Records from a data collection

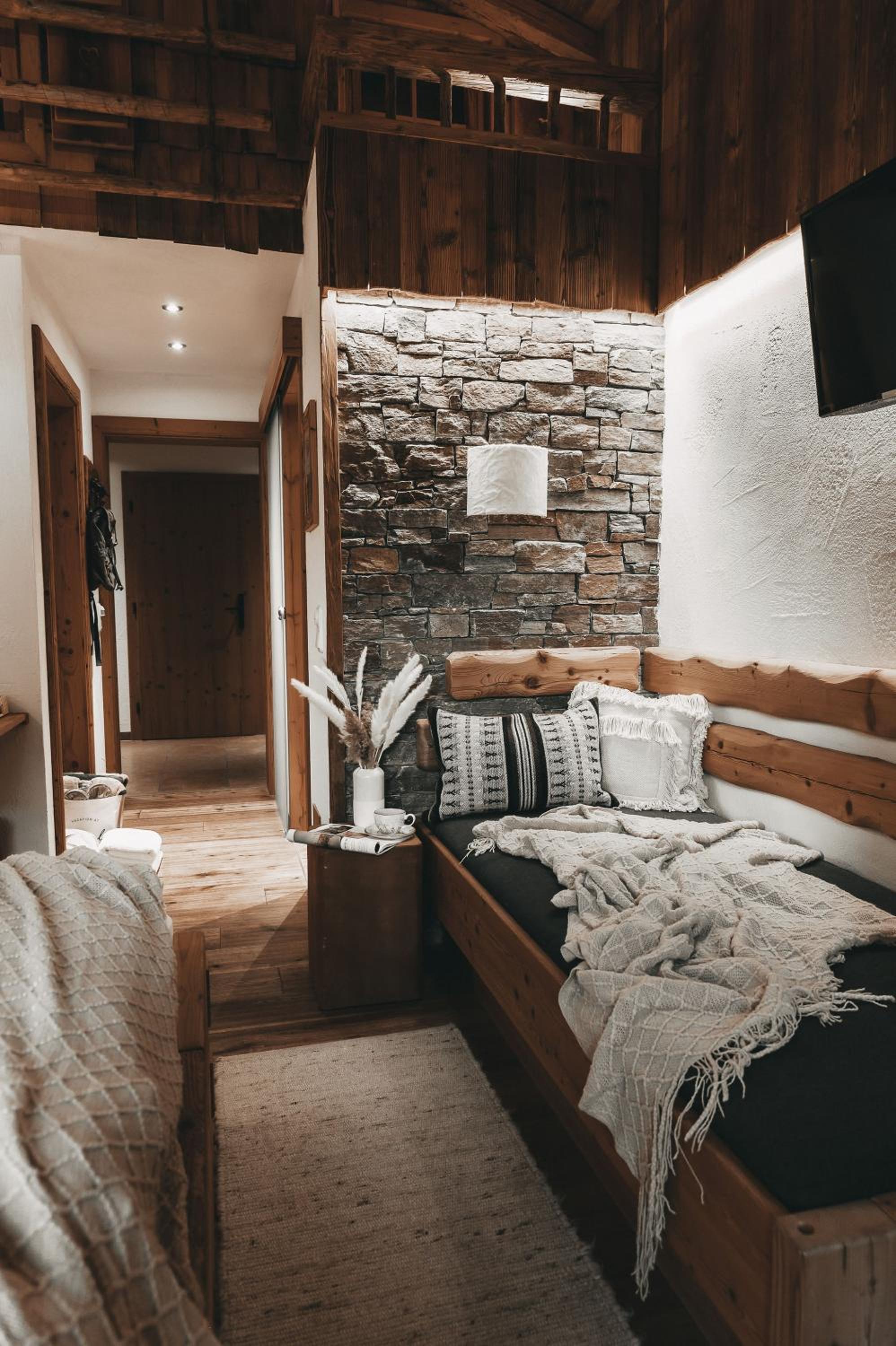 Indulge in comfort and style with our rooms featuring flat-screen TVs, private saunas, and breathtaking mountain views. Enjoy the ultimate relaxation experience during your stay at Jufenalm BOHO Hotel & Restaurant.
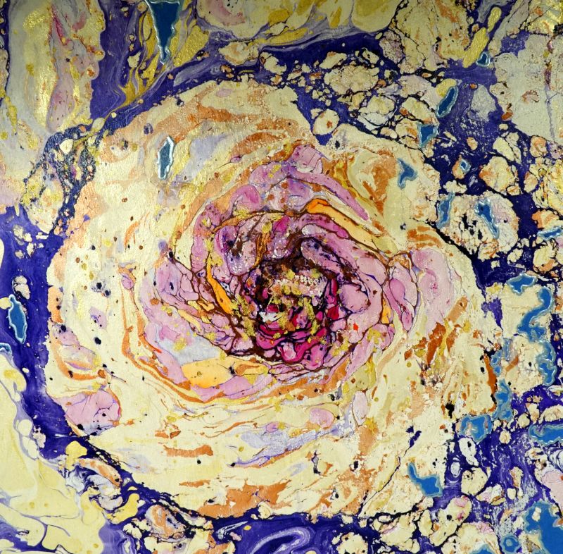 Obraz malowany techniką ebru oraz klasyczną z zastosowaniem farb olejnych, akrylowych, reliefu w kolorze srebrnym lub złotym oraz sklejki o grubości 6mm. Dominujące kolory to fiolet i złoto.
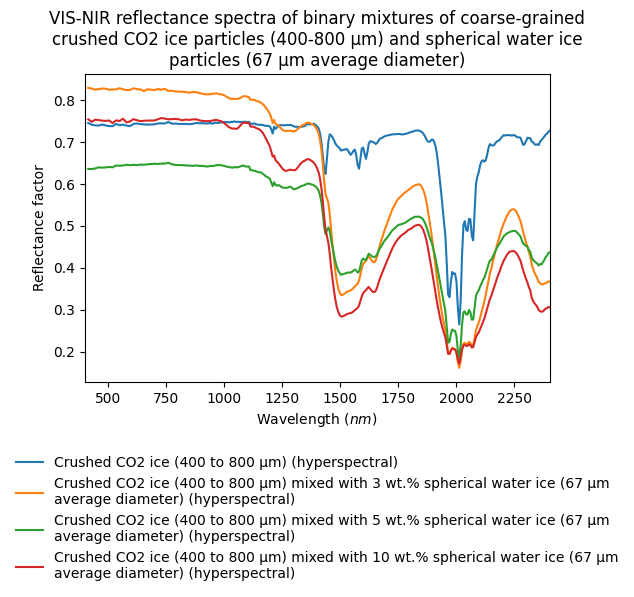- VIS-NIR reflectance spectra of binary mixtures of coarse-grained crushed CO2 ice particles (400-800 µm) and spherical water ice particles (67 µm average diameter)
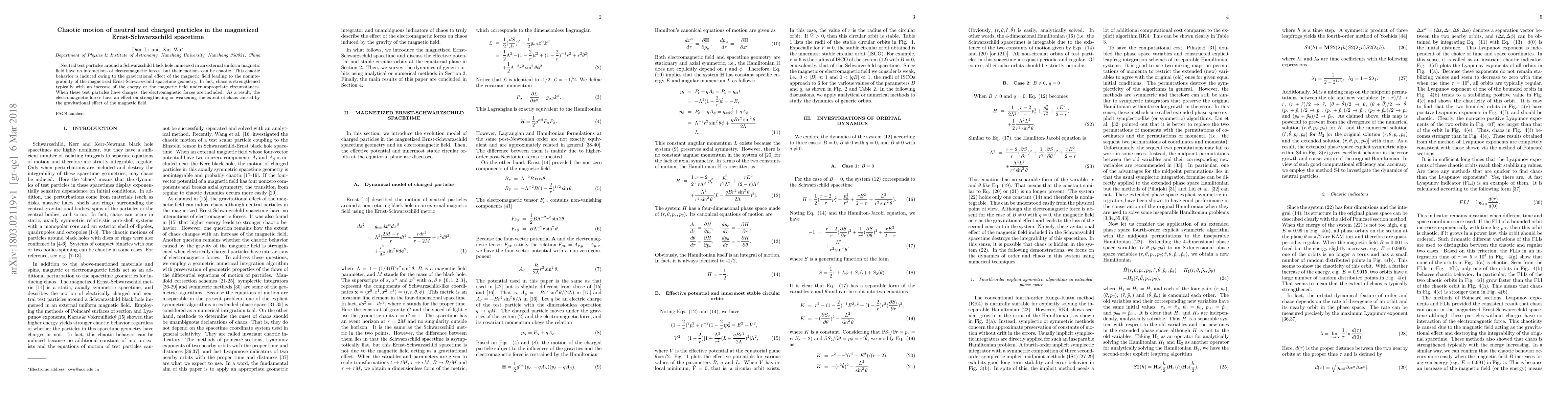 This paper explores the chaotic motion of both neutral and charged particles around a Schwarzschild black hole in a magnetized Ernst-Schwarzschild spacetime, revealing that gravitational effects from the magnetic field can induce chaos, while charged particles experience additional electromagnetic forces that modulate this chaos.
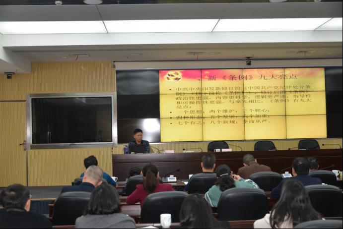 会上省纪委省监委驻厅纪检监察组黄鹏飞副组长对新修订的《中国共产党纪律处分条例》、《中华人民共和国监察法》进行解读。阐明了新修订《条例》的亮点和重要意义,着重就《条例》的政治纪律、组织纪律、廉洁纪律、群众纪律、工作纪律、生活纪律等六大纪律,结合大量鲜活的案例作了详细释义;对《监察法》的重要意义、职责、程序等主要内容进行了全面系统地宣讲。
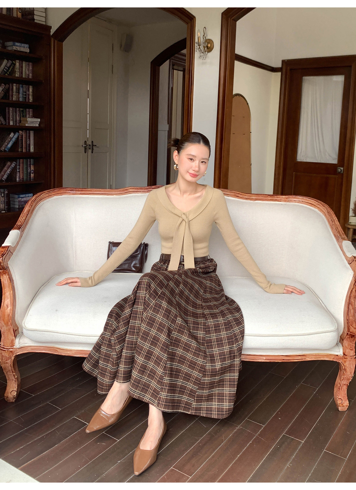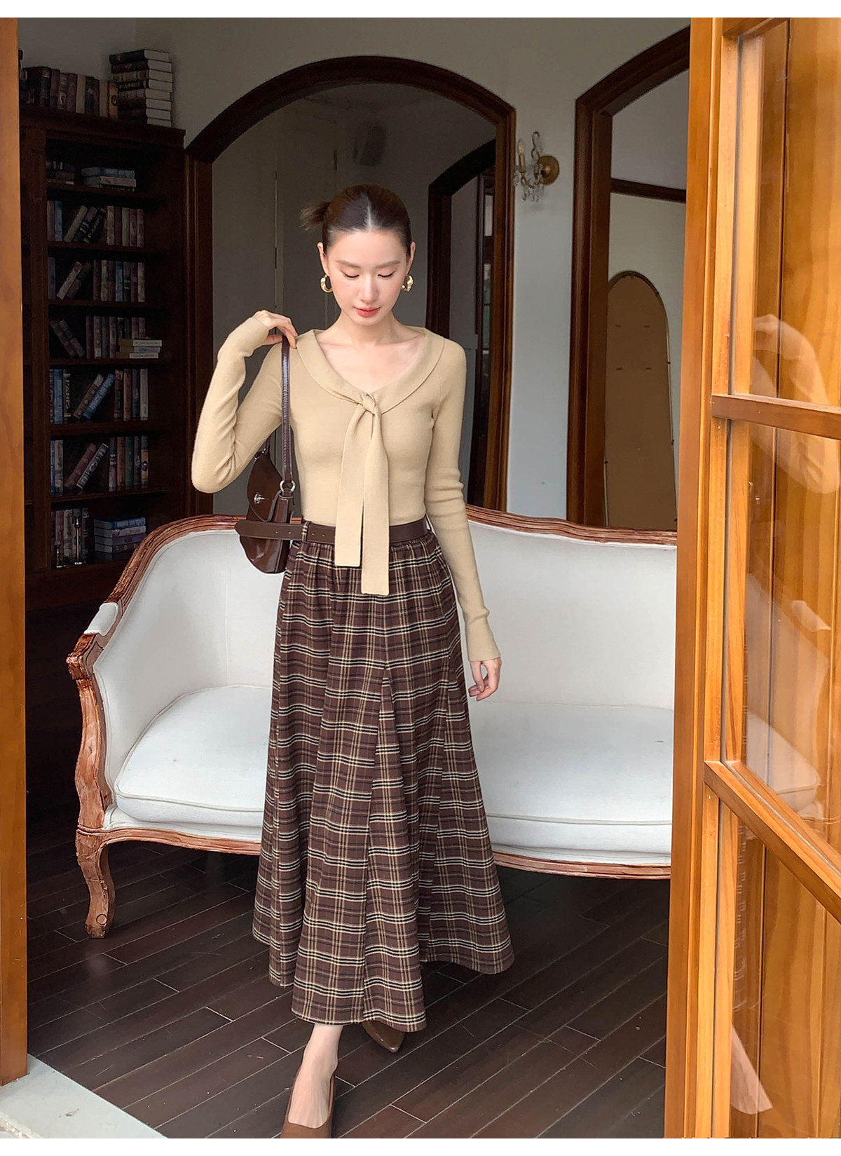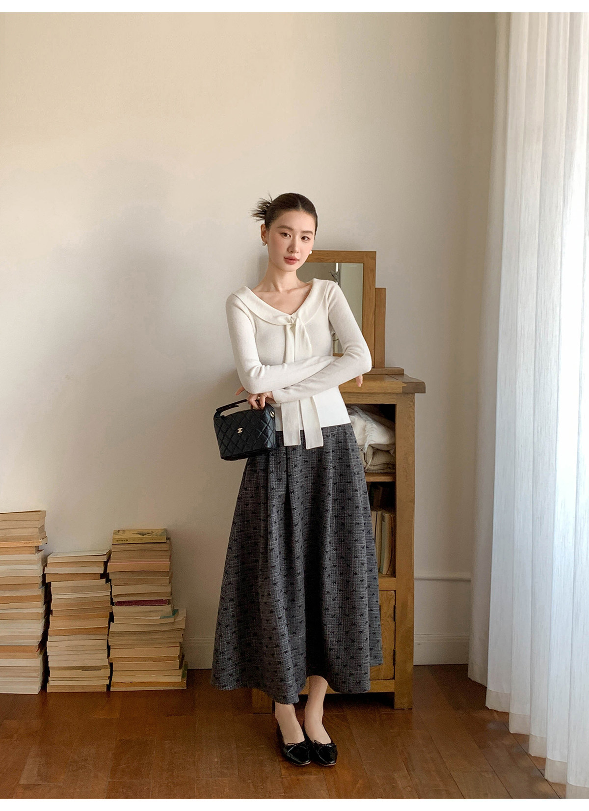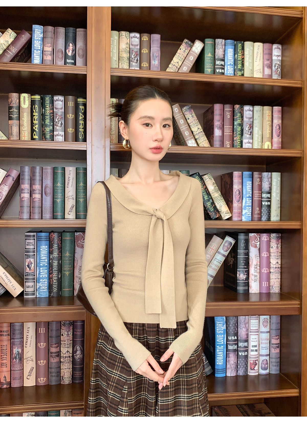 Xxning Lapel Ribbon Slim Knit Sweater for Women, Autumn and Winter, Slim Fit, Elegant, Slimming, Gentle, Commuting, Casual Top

**EXERCISE AIM**
Please reproduce the data above word for word, skipping all images.

**FINISHED TASK**
 Indulge in comfort and style with our rooms featuring flat-screen TVs, private saunas, and breathtaking mountain views. Enjoy the ultimate relaxation experience during your stay at Jufenalm BOHO Hotel & Restaurant.
 Obraz malowany techniką ebru oraz klasyczną z zastosowaniem farb olejnych, akrylowych, reliefu w kolorze srebrnym lub złotym oraz sklejki o grubości 6mm. Dominujące kolory to fiolet i złoto.
- VIS-NIR reflectance spectra of binary mixtures of coarse-grained crushed CO2 ice particles (400-800 µm) and spherical water ice particles (67 µm average diameter)
 This paper explores the chaotic motion of both neutral and charged particles around a Schwarzschild black hole in a magnetized Ernst-Schwarzschild spacetime, revealing that gravitational effects from the magnetic field can induce chaos, while charged particles experience additional electromagnetic forces that modulate this chaos.
 会上省纪委省监委驻厅纪检监察组黄鹏飞副组长对新修订的《中国共产党纪律处分条例》、《中华人民共和国监察法》进行解读。阐明了新修订《条例》的亮点和重要意义,着重就《条例》的政治纪律、组织纪律、廉洁纪律、群众纪律、工作纪律、生活纪律等六大纪律,结合大量鲜活的案例作了详细释义;对《监察法》的重要意义、职责、程序等主要内容进行了全面系统地宣讲。
 Xxning Lapel Ribbon Slim Knit Sweater for Women, Autumn and Winter, Slim Fit, Elegant, Slimming, Gentle, Commuting, Casual Top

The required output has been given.